* **EXERCISE DESCRIPTION**: What you return should be the exact lines from the one with "제주 청소년 드론축구팀이국제대회에서" to the end of the records below, both included, and no pictures.

[Records from a data source]
* * * * * * *
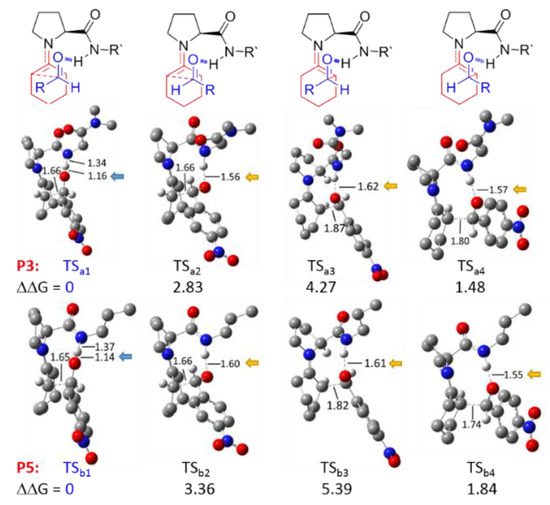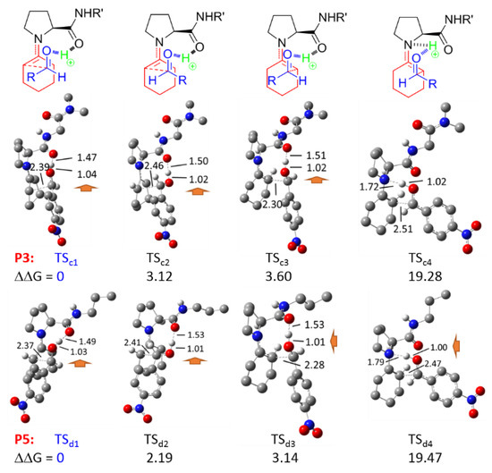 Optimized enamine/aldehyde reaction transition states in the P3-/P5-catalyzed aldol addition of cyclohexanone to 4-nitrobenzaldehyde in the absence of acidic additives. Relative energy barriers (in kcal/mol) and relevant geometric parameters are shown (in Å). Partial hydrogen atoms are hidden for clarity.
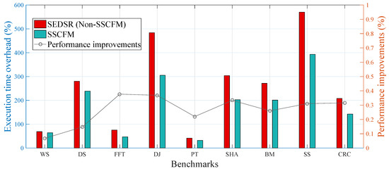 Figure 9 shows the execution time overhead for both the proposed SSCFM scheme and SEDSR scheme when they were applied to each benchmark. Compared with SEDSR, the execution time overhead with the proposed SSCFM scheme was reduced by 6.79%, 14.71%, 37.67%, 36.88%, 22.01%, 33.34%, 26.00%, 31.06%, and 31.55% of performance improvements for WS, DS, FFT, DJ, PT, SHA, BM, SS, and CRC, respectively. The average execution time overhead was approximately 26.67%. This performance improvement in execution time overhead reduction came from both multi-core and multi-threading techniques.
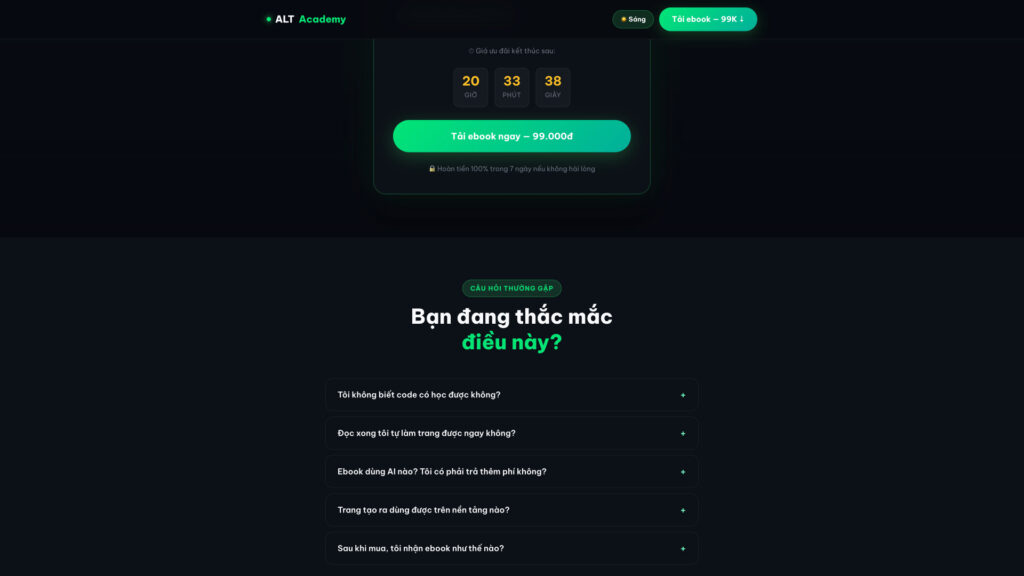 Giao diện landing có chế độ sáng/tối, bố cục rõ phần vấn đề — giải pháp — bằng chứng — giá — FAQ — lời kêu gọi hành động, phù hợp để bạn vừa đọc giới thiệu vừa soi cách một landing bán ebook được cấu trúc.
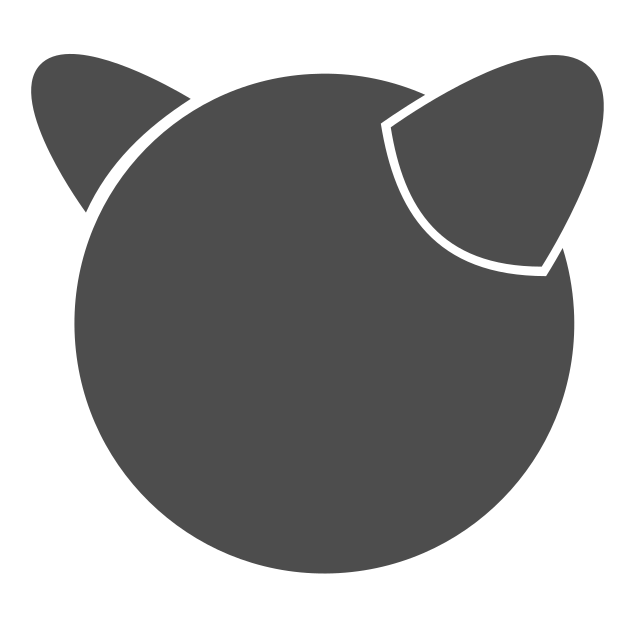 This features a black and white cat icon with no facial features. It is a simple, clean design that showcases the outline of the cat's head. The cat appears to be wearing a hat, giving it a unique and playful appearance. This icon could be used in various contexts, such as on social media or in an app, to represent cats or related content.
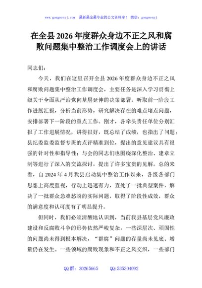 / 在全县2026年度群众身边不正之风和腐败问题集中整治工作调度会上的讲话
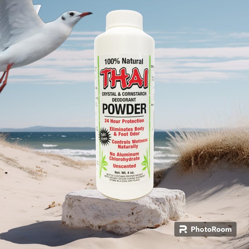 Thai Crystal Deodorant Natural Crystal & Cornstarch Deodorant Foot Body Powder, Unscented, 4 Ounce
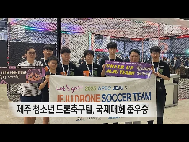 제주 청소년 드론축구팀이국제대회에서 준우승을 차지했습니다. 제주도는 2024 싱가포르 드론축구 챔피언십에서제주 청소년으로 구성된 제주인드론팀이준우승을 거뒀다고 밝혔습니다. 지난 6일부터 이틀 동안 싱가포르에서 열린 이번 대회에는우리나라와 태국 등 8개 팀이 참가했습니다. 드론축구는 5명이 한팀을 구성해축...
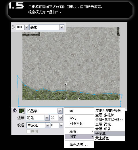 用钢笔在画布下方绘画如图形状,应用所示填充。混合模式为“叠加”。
* * * * * * *
* **EXERCISE RESPONSE**:
 제주 청소년 드론축구팀이국제대회에서 준우승을 차지했습니다. 제주도는 2024 싱가포르 드론축구 챔피언십에서제주 청소년으로 구성된 제주인드론팀이준우승을 거뒀다고 밝혔습니다. 지난 6일부터 이틀 동안 싱가포르에서 열린 이번 대회에는우리나라와 태국 등 8개 팀이 참가했습니다. 드론축구는 5명이 한팀을 구성해축...
 用钢笔在画布下方绘画如图形状,应用所示填充。混合模式为“叠加”。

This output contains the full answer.